In recent years, Kelly High School, a neighborhood school in Brighton Park, has posted astonishingly low annual dropout rates. For three of the last four years for which data are available, the rates were less than 1.5 percent.

At the same time, Kelly also has posted some of the city’s highest student transfer rates: 33 percent for the class of 1995, 38 percent for the class of 1996, 44 percent for the class of 1997 and 38 percent for the class of 1998.

That combination raises the question of whether Kelly has recorded dropouts as transfers.

Kelly administrators say that the low dropout rate simply confirms that their school has turned around—Kelly is among only a handful of high schools to have gotten off probation. In May 1998, Assistant Principal John Ruskamp told The Chicago Reporter that Kelly “was looked upon as the last place you want to go. But we are now known for a good, safe school.”

This May, Catalyst asked Principal John Gelsomino about the school’s unusual numbers. “There are a lot of bugs out there, but at Kelly, we are as clean as can be,” he said.

But the principal of a Chicago public high school with a student body that is similar to Kelly’s is skeptical. “How do you get a 1 percent dropout rate?” asks the principal, whose own school has a dropout rate of about 10 percent despite academic improvements. More than three-quarters of Kelly’s students are Hispanic; citywide the annual dropout rate for Hispanics was 15.8 percent in 1997-98.

In 1997-98, only one school posted lower annual dropout rates than Kelly’s, Whitney Young, Chicago’s top-scoring high school.

Fred Hess, a Northwestern University research professor, says that, in general, a high transfer rate is a warning flag for hidden dropouts. In a landmark 1985 study, Hess uncovered Chicago public high school students who were recorded as transfers even though the “receiving” schools had closed. More recently, Chicago schools have been found to code students who left for a dropout program as “transfers.” Hess also suspects some schools may be hiding dropouts by recording them as transfers out of the country.

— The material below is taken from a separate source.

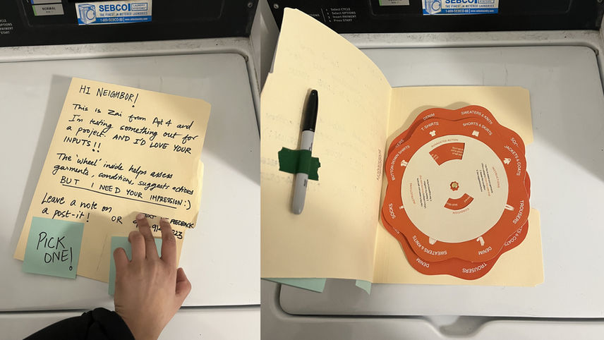 Air It Out is a public-facing intervention designed to be embedded in the overlooked corners of routine life—like the neighborhood laundromat. It explores how brands, landlords, and community spaces might design better end-of-use experiences. And to understand what “threshold to care” really means in the context of everyday maintenance.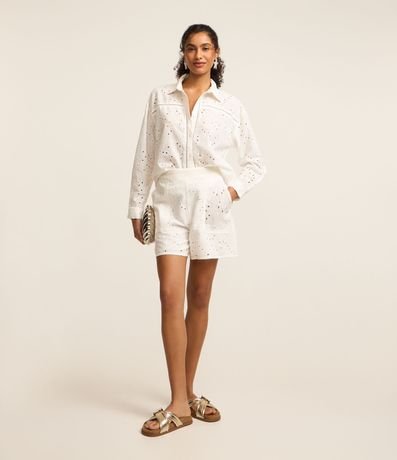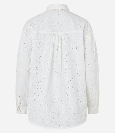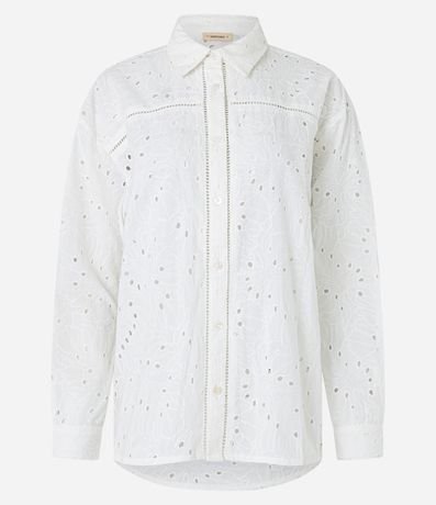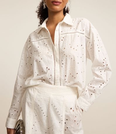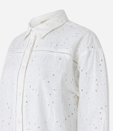 Ref: Camisa feminina, confeccionada em laise, com gola lapela, abotoamento frontal e detalhes de entremeios.

He gives an example. “So a kid leaves a school that serves predominantly Mexican-American kids, and the school [records the student] as transfer to Mexico, and there’s no verification back. That kid should be counted as a dropout as far as that school is concerned. It’s highly unlikely that that’s actually happening in some of these schools, given the number of transfers they’re recording.”

Under Chicago School Board rules, no student is to be marked as a transfer student unless the transfer is confirmed, typically by getting a request from the receiving school for the student’s transcript.

Asked how Kelly verifies a transfer, Gelsomino said the school takes parents’ word that the student will continue to attend school. “If somebody moves to Mexico, how can I keep track of that? We have to take the parents’ word. If the parent tells me they’re going to X and they end up at Y, I can’t be responsible for that.”

However, a Catalyst review of student records (without names) for 1995-96 raises still more questions. That year, Kelly recorded 110 students as having transferred to schools outside Chicago. But 22 of those students were listed as having enrolled in a City Colleges of Chicago GED program or a school that is not accredited by the state; under board policy, those students should have been recorded as dropouts.

Informed of this finding, Gelsomino said, “I will be looking into this personally over the next few months. If there is any level of inconsistency, I am not pleased. If we’re coding them in error, we’ll correct it.”

Kelly’s four-year dropout—21 percent for the class of 1998—also suggests its one-year rates are understated. (However, the school’s 1998 four-year rate is much improved from 1993, when it was 65 percent.)

Philip Hansen, the system’s chief accountability officer, says his office also will be checking the recording of dropouts. “We have become aware of the [dropout] numbers at Kelly High School being so low,” he says. “We will be looking carefully into all our probation schools—and all our high schools generally—in the fall.”